Les phénomènes de concentration des métaux lourds et de méthylation chez les champignons.

(Document présenté : manuscrit intégral avec corrections)

Les résultats de ces travaux encore jamais publiés en France mettent en évidence l'importance de la pollution sur les champignons et les dangers encourus par l'homme même avec les espèces comestibles cueillies loin des villes. L'originalité de cet article tient au fait qu'André Antonin veut faire connaître au monde de la mycologie des résultats alarmants pour la santé, obtenus par des experts de l'agro-alimentaire dont les recherches démontrent l'impact d'une pollution beaucoup plus généralisée qu'on ne le pensait dans le milieu des mycologues.
Dans un premier temps, la communication est jugée intéressante et acceptée par la SMF (lettre du 23.3.77) puis, refusée sous prétexte que ces travaux auraient été déjà publiés mais on se garde de préciser où (lettre du 7.4.77). L'argument n'est pas recevable car l'information, à cette époque, n'a jamais été communiqée en France. Sans doute, le mycologue n'aurait-il pas renoncé aussi facilement et aurait publié son article dans d'autres Revues si la mort ne l'en eût empêché. Son décès a mis fin à d'éventuelles polémiques.
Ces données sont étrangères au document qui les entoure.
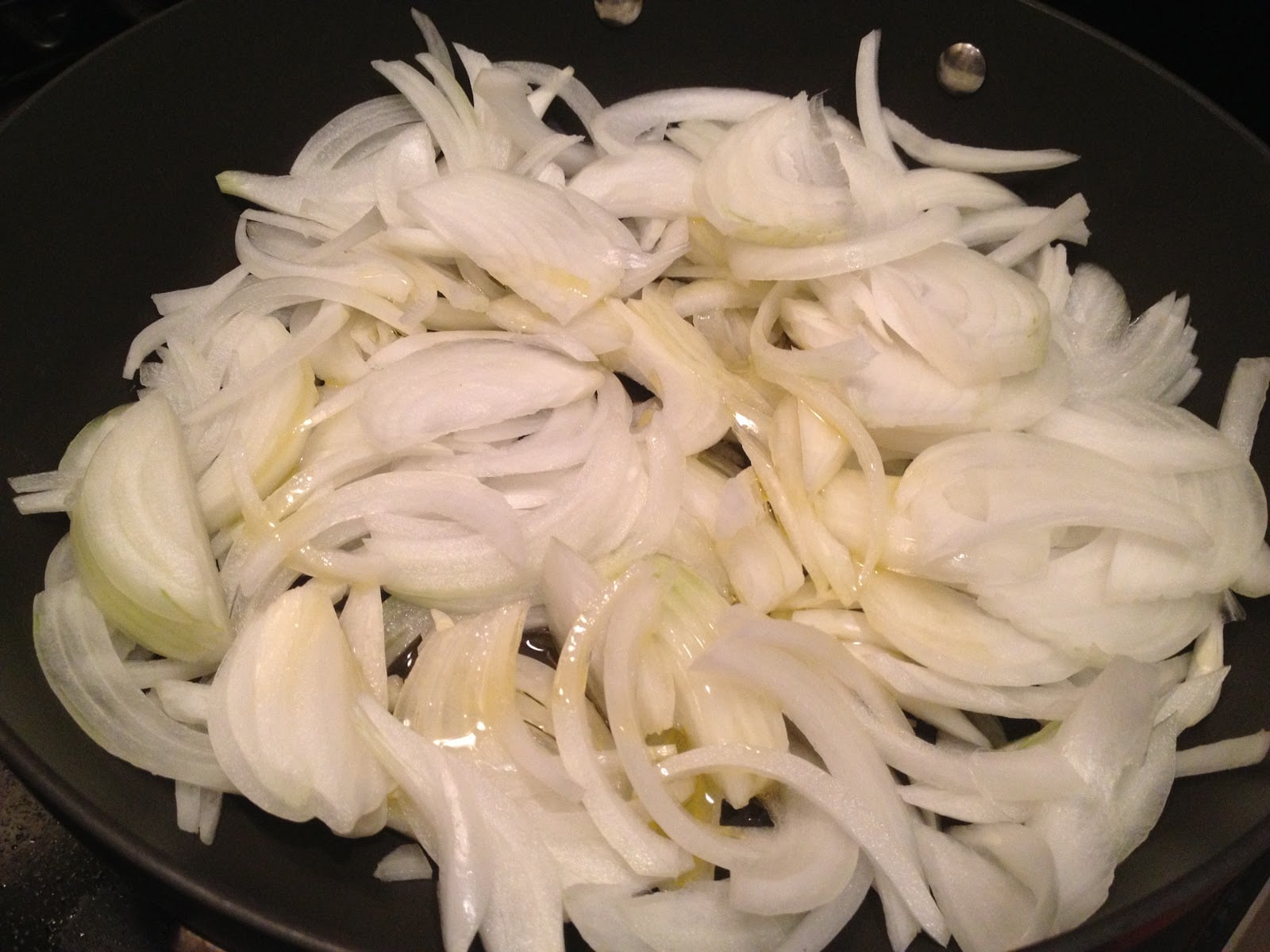 -While your meat is cooking, start caramelizing your onions. Add the thinly sliced onions, ¼ cup olive oil, sugar, and salt to a large sauté pan.

La prise de conscience des méfaits des métaux lourds a été lente en France. Pendant lontemps, on a cru que le danger concernait uniquement les champignons cueillis à proximité des lieux de pollution. Ainsi, début 1977, le Directeur du Centre de Recherches d'Avignon, Station d'Etudes de la Pollution atmosphérique (INRA), en réponse à une lettre du mycologue, écrit: "En ce qui concerne le plomb, son aire de dissémination est limitée aux abords immédiats des routes et autoroutes. Enfin, à propos du cadmium et du mercure, je manque réellement d'informations .... Il s'agit, en outre, très vraisemblablement de dépôts superficiels de sels peu ou pas solubles." De même, la parution plus tardive d'articles écrits dans les années 1978 et 1985 par R.C. Azéma sur le sujet sont révélateurs. On minimise encore le problème en limitant les taux dangereux de pollution "aux champignons poussant aux environs d'usines chimiques ou dans les grandes cités" :
De plus, l'auteur de ces articles déclare plus tard encore (in : Valeur alimentaire des champignons, 2004) avoir été "l'un des premiers à signaler le problème en Europe"!
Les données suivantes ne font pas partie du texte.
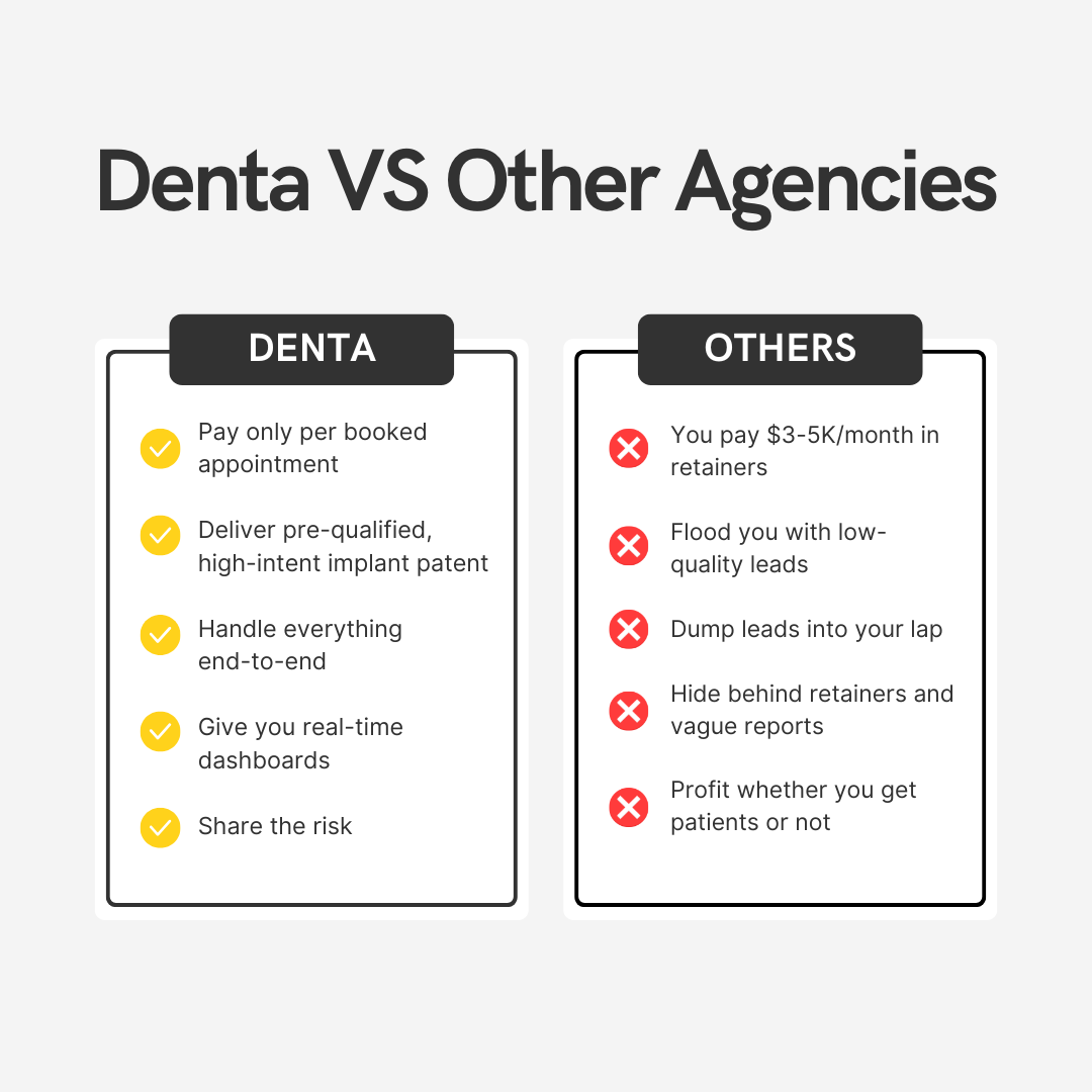 Traditional agencies use cookie-cutter solutions and book low-quality tire-kickers, wasting your time with patients who'll never convert. Denta flips that model.

Aujourd'hui, force est de constater que les mycologues adhèrent à l'idée de l'absorption des métaux lourds par le mycélium et leurs graves conséquences sur l'homme à plus ou moins longue échéance. Cela fait même l'objet de Travaux pratiques dans les Universités, à Lille, Strasbourg ou Lyon par exemple.

Ainsi, écologiste de la première heure par son choix de vie - André Antonin s'imposait un régime alimentaire draconien - et par ses idées, le mycologue apparaît comme un précurseur. En souhaitant faire connaître les récents travaux sur la pollution  de chercheurs étrangers encore non publiés en France, en insistant sur le fait que cette pollution s'étendait bien au-delà des zones urbaines traditionnellement contaminées, il tirait dès 1977 la sonnette d'alarme et choisissait la voie de l'avenir.